Directions for this task:
The reply should hold every line of the listing exactly, and none of its images.

----- Collected data -----

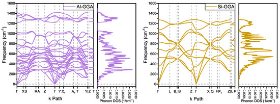 First-principles calculations based on DFT [17,18] were implemented in the Cambridge Sequential Total Energy Package (CASTEP) [19,20]. For the exchange-correlation function, a generalized gradient approximation (GGA) in the form of the Perdew–Burke–Ernzerhof (PBE) [21] and the local density approximation (LDA) [22,23] were considered using the on-the-fly-generated ultrasoft pseudopotential method [24]. The plane-wave kinetic-energy cutoff was set to 570 eV and, to achieve structural optimization, the k-points separation was set to 0.07 Å for all calculations in the Brillouin zone, with the Monkhorst–Pack method applied for the point distribution [25]. Since the GGA and LDA underestimate the energy bandgap [21], we used the screened hybrid functional of Heyd, Scuseria, and Ernzerhof (HSE06) [26] as a reference to calculate and along with an on-the-fly-generated norm-conserving pseudopotential [27]. The plane-wave kinetic-energy cutoff was set to 990.0 eV for HSE06. The minimization algorithm we used was the Broyden–Fletcher–Goldfarb–Shanno (BFGS) method [28] with convergence tolerances set to eV/atom for energy, 0.01 eV/Å for maximum force, 0.02 GPa for maximum stress, and Å for maximum displacement. The phonon spectra were calculated by using the finite-displacement method.
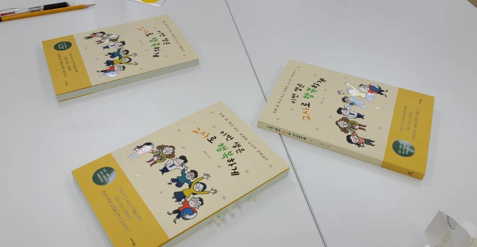 첫 시간에는 간단한 자기소개와 모둠별로 서로를 알아가는 주사위 게임을 20분 정도 했고, 이어서 미리 전해드린 <이번 생은 교사로 행복하게>로 책 대화 시간을 가졌다. 돌아가며 가장 인상적이었던 부분을 낭독하고 이유를 공유하면서 자연스럽게 학교생활의 즐거움과 어려움을 나눌 수 있었다. 저자와의 만남 시간은 아니었지만, 올해 고3 교실에서 도전하고 있는 참여와 소통이 있는 수업 사례에 관해서도 말씀드릴 수 있었다. (모임 분위기는 선생님들의 표정만큼 진지하고 다채로운 '책상 샷'으로 대신 전한다.^^)
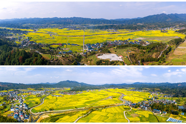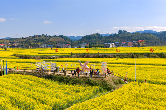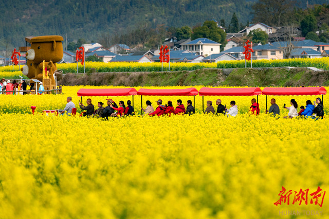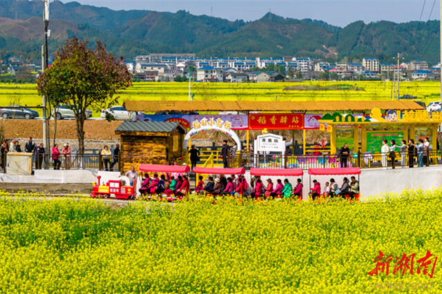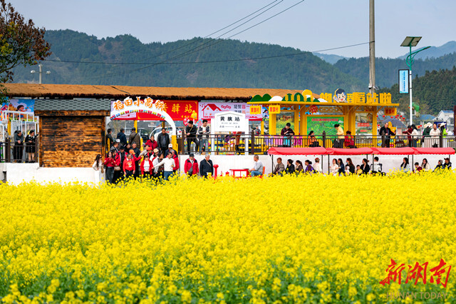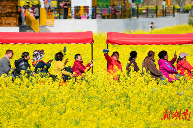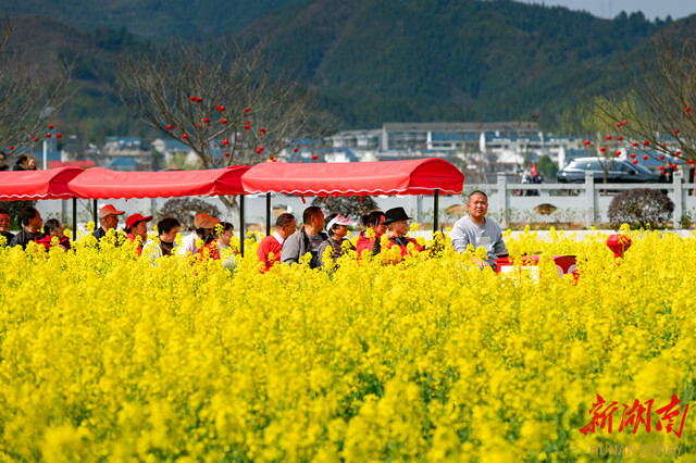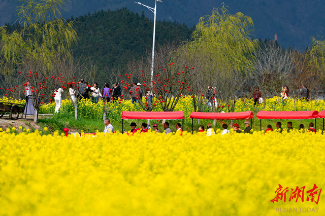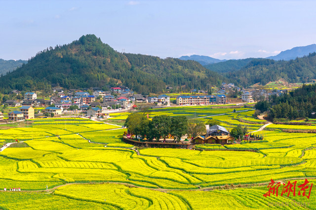 3月5日,春风和煦,晴空万里。会同县堡子镇稻香诗田景区春意盎然、人气火爆。连片油菜花竞相绽放,汇成金色海洋,花香四溢、美不胜收。(通讯员 张镭 摄)
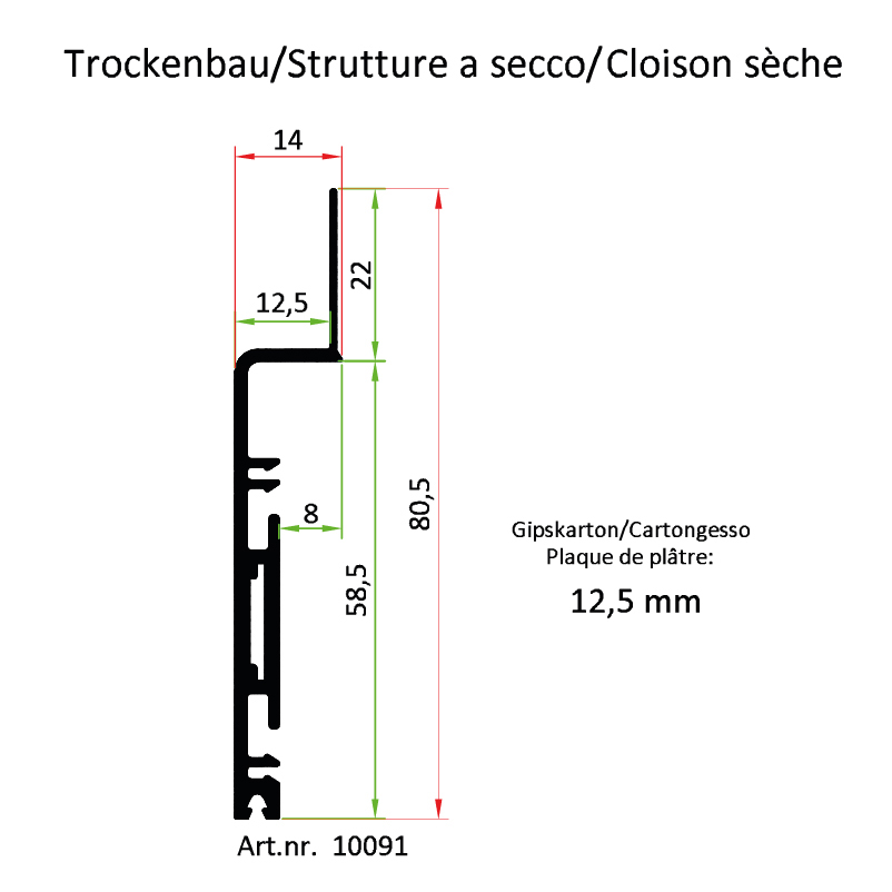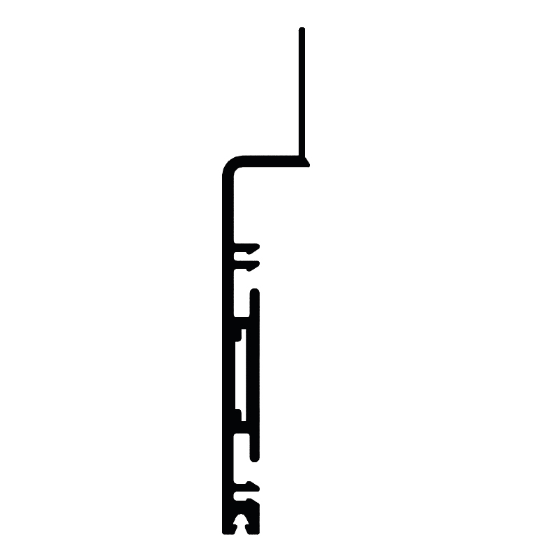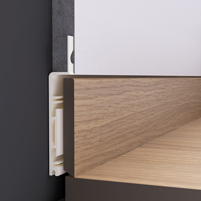 Profilé en plastique pour la réalisation de plinthes à fleur de mur, adaptés aux plinthes en bois, en carrelage, en moquette et aux plinthes préfabriquées KLICK-IN en aluminium, munis d'un ruban adhésif double face, avec pièces de jonction enfichables pour relier les différents profilés sans soudure et sans bord visible, adaptés aux plaques de plâtre, hauteur de plinthe visible : env. 60-80 mm, sans profilé de recouvrement

-----

Answer space:
 First-principles calculations based on DFT [17,18] were implemented in the Cambridge Sequential Total Energy Package (CASTEP) [19,20]. For the exchange-correlation function, a generalized gradient approximation (GGA) in the form of the Perdew–Burke–Ernzerhof (PBE) [21] and the local density approximation (LDA) [22,23] were considered using the on-the-fly-generated ultrasoft pseudopotential method [24]. The plane-wave kinetic-energy cutoff was set to 570 eV and, to achieve structural optimization, the k-points separation was set to 0.07 Å for all calculations in the Brillouin zone, with the Monkhorst–Pack method applied for the point distribution [25]. Since the GGA and LDA underestimate the energy bandgap [21], we used the screened hybrid functional of Heyd, Scuseria, and Ernzerhof (HSE06) [26] as a reference to calculate and along with an on-the-fly-generated norm-conserving pseudopotential [27]. The plane-wave kinetic-energy cutoff was set to 990.0 eV for HSE06. The minimization algorithm we used was the Broyden–Fletcher–Goldfarb–Shanno (BFGS) method [28] with convergence tolerances set to eV/atom for energy, 0.01 eV/Å for maximum force, 0.02 GPa for maximum stress, and Å for maximum displacement. The phonon spectra were calculated by using the finite-displacement method.
 첫 시간에는 간단한 자기소개와 모둠별로 서로를 알아가는 주사위 게임을 20분 정도 했고, 이어서 미리 전해드린 <이번 생은 교사로 행복하게>로 책 대화 시간을 가졌다. 돌아가며 가장 인상적이었던 부분을 낭독하고 이유를 공유하면서 자연스럽게 학교생활의 즐거움과 어려움을 나눌 수 있었다. 저자와의 만남 시간은 아니었지만, 올해 고3 교실에서 도전하고 있는 참여와 소통이 있는 수업 사례에 관해서도 말씀드릴 수 있었다. (모임 분위기는 선생님들의 표정만큼 진지하고 다채로운 '책상 샷'으로 대신 전한다.^^)
 3月5日,春风和煦,晴空万里。会同县堡子镇稻香诗田景区春意盎然、人气火爆。连片油菜花竞相绽放,汇成金色海洋,花香四溢、美不胜收。(通讯员 张镭 摄)
 Profilé en plastique pour la réalisation de plinthes à fleur de mur, adaptés aux plinthes en bois, en carrelage, en moquette et aux plinthes préfabriquées KLICK-IN en aluminium, munis d'un ruban adhésif double face, avec pièces de jonction enfichables pour relier les différents profilés sans soudure et sans bord visible, adaptés aux plaques de plâtre, hauteur de plinthe visible : env. 60-80 mm, sans profilé de recouvrement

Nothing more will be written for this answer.